Tuesday, March 8, 2016


 A riot of tiling

The sun caught the facade of the Imperial Inn in Gloucester’s Northgate Street as I passed the other day, so out came the camera. At last. I’d been meaning to photograph this tiled frontage of 1904 for years, but the building passed often is least often studied closely, and I’d not got round to it.

I was surprised to find out that the architects were Knight and Chatters. I’d linked this old Gloucester firm with serious stuff – church restorations, big Gothic vicarages, Cheltenham’s monumental neo-Jacobean Public Library and the same town’s cemetery.
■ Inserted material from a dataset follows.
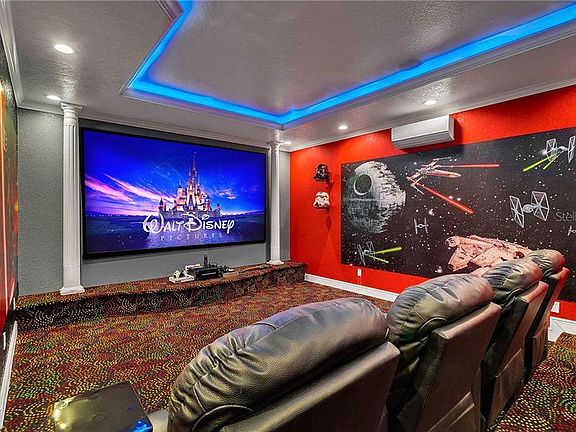 This complete resort-feel home features two master suites with bathrooms on the main floor, an additional bedroom with an en suite bathroom, and 2 themed kids' rooms upstairs. It has a very functional and comfortable living space and a very well-appointed kitchen. There's tile flooring in the living room, dining room, and family room as well as in all wet areas. The oversized 2-car garage has been converted into a state-of-the-art game room and movie theater with a 130-inch screen and 7.1 surround sound speakers for tons of enjoyment. The movie theater even has electric reclining theater seats with its own separate air conditioner for those hot days.

So I’d not have guessed that Knight and Chatters designed this building – pubs were often the work of specialist pub architects, figures whose careers are described in Mark Girouard’s fine book Victorian Pubs.

However, the senior partner, W H Knight, is the one I most associate with the libraries, churches and other ‘serious’ work and he died in 1895, so could have had nothing to do with the Imperial Inn. And the design of a pub facade like this has as much to do with the people who produced the glass and the tiles as with the architect. And finally it’s likely in any case that a busy provincial practice like Knight and Chatters could turn their hand to all kinds of architecture, letting their hair down to create lively pub frontages when the demand arose.
 This small building is a riot of tiling and bright red brickwork. The face of Pan peeps from the tiles running between the main windows, as if hinting at revelry within. Patterns of scrolls twirl their way across the etched glass. A more restrained and rather art nouveau effect is produced by the stained glass over the door, with its shapes of hearts, its a hints of leaf and bud, and its whiplash curves. Burning gas mantles would no doubt have made this frontage very enticing of an evening in the early years of the 20th century. No doubt the enticement still works, helping to ensure the facade’s fortunate survival.


Hels said...

Your timing is perfect! What was the Edwardian love affair with tiles?

This morning in class I wondered why The Hippodrome Circus in Great Yarmouth, also completed in 1903-4, had a terra cotta front. I know it was designed with three bays and four towers, but now I am thinking there were probably tiles as well.

Peter Ashley said...

I went to the Hippodrome in Great Yarmouth in the 50s. At half time the ring was flooded and a galleon of clown pirates attacked a palm-tree'd Island at the centre. An amazing treat for a small child along with the rocking Noah's Ark on the seafront.

Philip Wilkinson said...

Thank you Hels: more links to tiles soon.

Philip Wilkinson said...

Thank you Mr Ashley. As usual you bring the past back vividly.